Sur ce second point, ma première réaction à cet engagement dont je dois préciser que je fus l'offreur et qu'aucune demande n'avait été formulée par l'intéressée dans ce sens, fût de me reprocher de m'être par principe collé dans une telle obligation; sentiment rapidement refoulé à la lecture des deux premires ouvrages que j'avais la liberté de proposer et qui ont été accepté par la "donneuse d'ordres".
Oui c'est une manière intéressante de compléter des journées déjà bien remplies au sein d'Intelfi et au profit de ses clients, oui cela fait fonctionner mes neurones et synapses d'une manière plus estudiantine que professionnelle, que je ne retrouve d'ailleurs pas en tant que prof au Celsa depuis que la formation des classes de Master II en RH internationales dont je suis responsable sont devenues des formations continues d'adultes, réforme de l'université et autonomie financière de celle-ci le nécessitant (plus ou moins, on en reparlera).
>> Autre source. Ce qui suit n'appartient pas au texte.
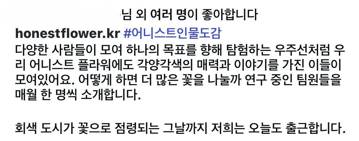 네. 우리는 '어니스트 플라워'를 다시 정의하는 중이에요. 정확히는, 우리가 누구인지, 왜 꽃을 전하고 싶은지, 어떤 방식으로 이야기할지, 처음부터 다시 깊이 있게 들여다보고 있어요. "꽃으로 삶을 이롭게 한다"라는 새로운 슬로건도 나왔죠. 어딘지 거창해 보이는 문장 앞에 갸우뚱했던 것도 잠시, 문득 떠올랐던 건, 몇 달 전 팀 인터뷰 콘텐츠를 SNS에 업로드하면서, 작성했던 카피 한 줄이에요.

Pour débuter à la française, c'est-à-dire par une critique, tout est bon dans ce livre, sauf la banalité de son titre, qui rappelle pour les plus de 40 ans le fameux livre commis par Alain Peyrefitte, intitulé "Quand la Chine s'éveillera, le monde tremblera". Ce livre fut publié en 1975 et son titre était issu d'une citation de Napoléon, prononcée à Saint-Hélène vers 1816, en réaction à la lecture des "Souvenirs d'un voyage en Chine" de l'Ambassadeur britannique en Chine, S.E. Mac Cartney.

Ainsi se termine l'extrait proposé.